> DESCRIPTION OF THE TASK: Everything from the line with "欧神诺在广东佛山、广西梧州、" through the last line of the data below should be copied exactly, apart from the pictures.

> RAW DATA:
'''

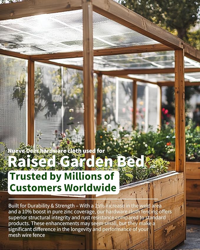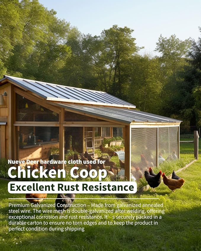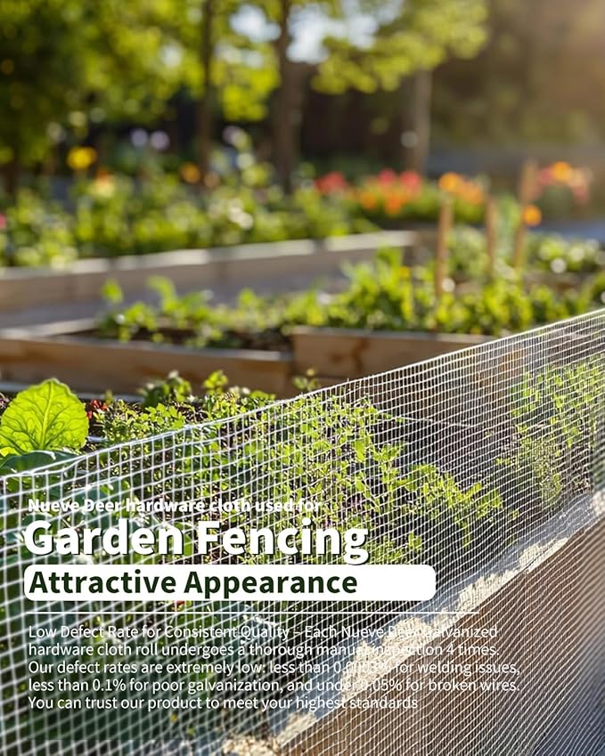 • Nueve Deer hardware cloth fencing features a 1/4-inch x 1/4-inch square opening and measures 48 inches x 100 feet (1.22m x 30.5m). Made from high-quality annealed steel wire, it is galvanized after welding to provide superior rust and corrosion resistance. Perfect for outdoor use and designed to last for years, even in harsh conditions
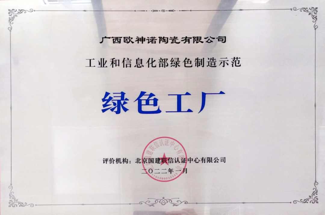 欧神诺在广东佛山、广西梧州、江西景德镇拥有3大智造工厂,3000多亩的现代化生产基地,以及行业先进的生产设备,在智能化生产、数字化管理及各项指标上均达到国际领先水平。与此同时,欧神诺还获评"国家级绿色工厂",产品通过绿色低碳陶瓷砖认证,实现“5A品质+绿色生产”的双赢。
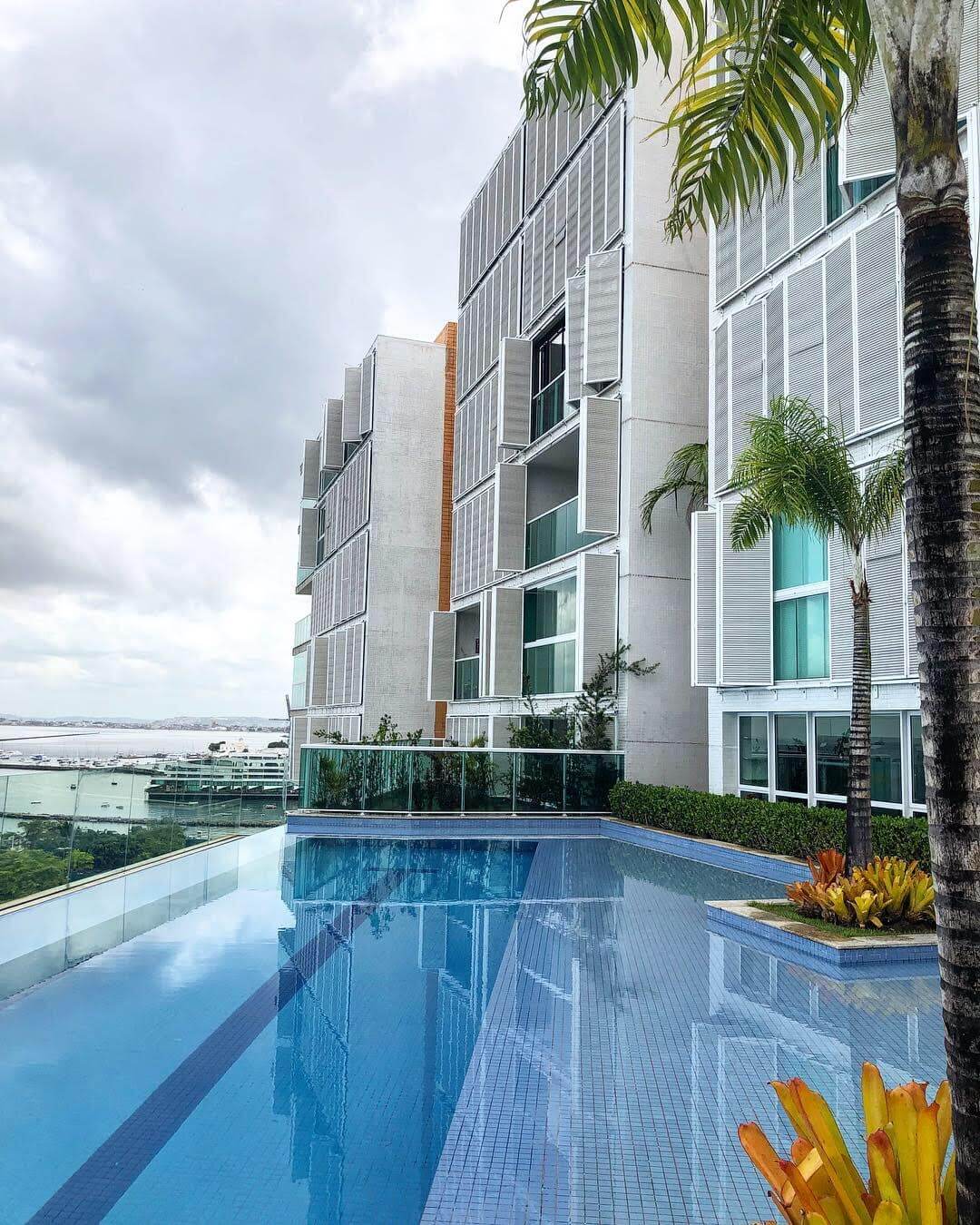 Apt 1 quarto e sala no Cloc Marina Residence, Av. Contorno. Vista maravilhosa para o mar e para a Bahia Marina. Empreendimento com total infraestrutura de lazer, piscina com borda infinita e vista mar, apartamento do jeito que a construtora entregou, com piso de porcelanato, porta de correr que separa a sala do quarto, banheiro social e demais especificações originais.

'''

> OUTPUT FOR THIS TASK:
 欧神诺在广东佛山、广西梧州、江西景德镇拥有3大智造工厂,3000多亩的现代化生产基地,以及行业先进的生产设备,在智能化生产、数字化管理及各项指标上均达到国际领先水平。与此同时,欧神诺还获评"国家级绿色工厂",产品通过绿色低碳陶瓷砖认证,实现“5A品质+绿色生产”的双赢。
 Apt 1 quarto e sala no Cloc Marina Residence, Av. Contorno. Vista maravilhosa para o mar e para a Bahia Marina. Empreendimento com total infraestrutura de lazer, piscina com borda infinita e vista mar, apartamento do jeito que a construtora entregou, com piso de porcelanato, porta de correr que separa a sala do quarto, banheiro social e demais especificações originais.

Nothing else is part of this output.